Глубокий голос Рамае сГампо соответствовал суровому облику настоятеля, его спокойному лицу, белым глазам. Лама говорил на санскрите медленно и с акцентом, но нарочито-правильно, как образованный человек.
— Достопочтенный учитель, я тону во тьме неведения! Я жажду увидеть свет истины, как злосчастные грешники, души которых содержатся на различных уровнях ада, и праведники, обитающие в раю, что припадают ртами к веревке, по которой течет к ним благословенная влага…
— Ты кажешься мне слишком серьезным и мрачным, Кинжал Закона! Я бы сказал, ни одна душа не должна опасаться бардо, если знает, что творила благие деяния! Говори попросту, не стоит тратить времени на лишние слова.
— Хорошо! Я понятия не имею, что делал мой настоятель здесь, в вашем монастыре, но причина наверняка была весомой… Иначе зачем бы он взял с собой священного белого слона? Но я хочу знать, что произошло, потому что теперь, пока Учитель не вернется, ответственность за общину лежит на мне, и я надеюсь найти моего наставника.
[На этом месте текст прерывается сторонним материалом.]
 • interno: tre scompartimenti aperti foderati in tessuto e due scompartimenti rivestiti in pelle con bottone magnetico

— Ты удивляешь меня! Буддхабадра никогда не рассказывал тебе, почему посещает наш монастырь? — воскликнул слепой лама. — Но тогда и мне не следует посвящать тебя в это!
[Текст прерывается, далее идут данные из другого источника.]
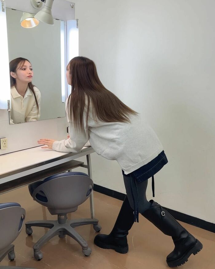 鏡の前のテーブルに手をつき、片足を一歩前に出し、前屈みになって鏡を見ている後ろ姿も披露。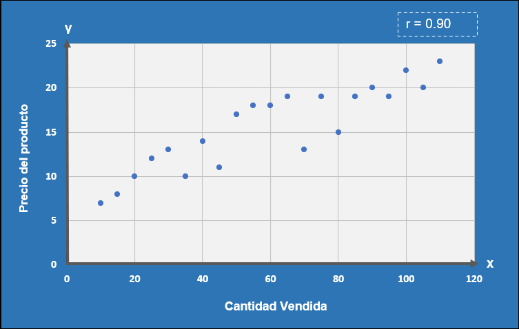 Una correlación de 0.90 indica una relación muy fuerte entre las dos variables analizadas en el diagrama de dispersión, en este caso, el precio de los productos y la cantidad vendida. Esta correlación sugiere que los consumidores están dispuestos a pagar un precio más alto por el producto. Además, puede ayudar a la empresa a tomar decisiones más informadas en términos de fijación de precios, estrategias de marketing.

— Достопочтенный, я понимаю… Но я перенес тяжелые испытания, чтобы добраться до Самье и узнать о судьбе Буддхабадры. Мне пришлось отправиться в странствие наугад, не имея точного направления! Я прошел с моим слоном через дальние страны! Вся наша братия пребывает в отчаянии и растерянности, и отсутствие отца-настоятеля все тяжелее сказывается на положении дел в обители. Умоляю вас, достопочтенный учитель, помогите мне!
Рамае сГампо присел на узкую скамью, на которой проводил значительную часть дней и ночей, погружаясь в медитацию, перебирая в руках тяжелые четки мала. Казалось, он пребывает в задумчивости, словно просьба Кинжала Закона заставила его колебаться. Лишь после долгой паузы слепой настоятель заговорил:
— Кинжал Закона, не знаю, что могу для тебя сделать! Я понятия не имею, что сталось с Буддхабадрой. — Однако от Кинжала Закона не ускользнул неуверенный тон Рамае сГампо: видимо, лама предпочел скрыть нечто важное от собеседника, хотя и сомневался в верности такого решения.
— Любое духовное лицо должно по крайней мере испытывать сострадание. Вы не имеете права оставлять меня в полном неведении!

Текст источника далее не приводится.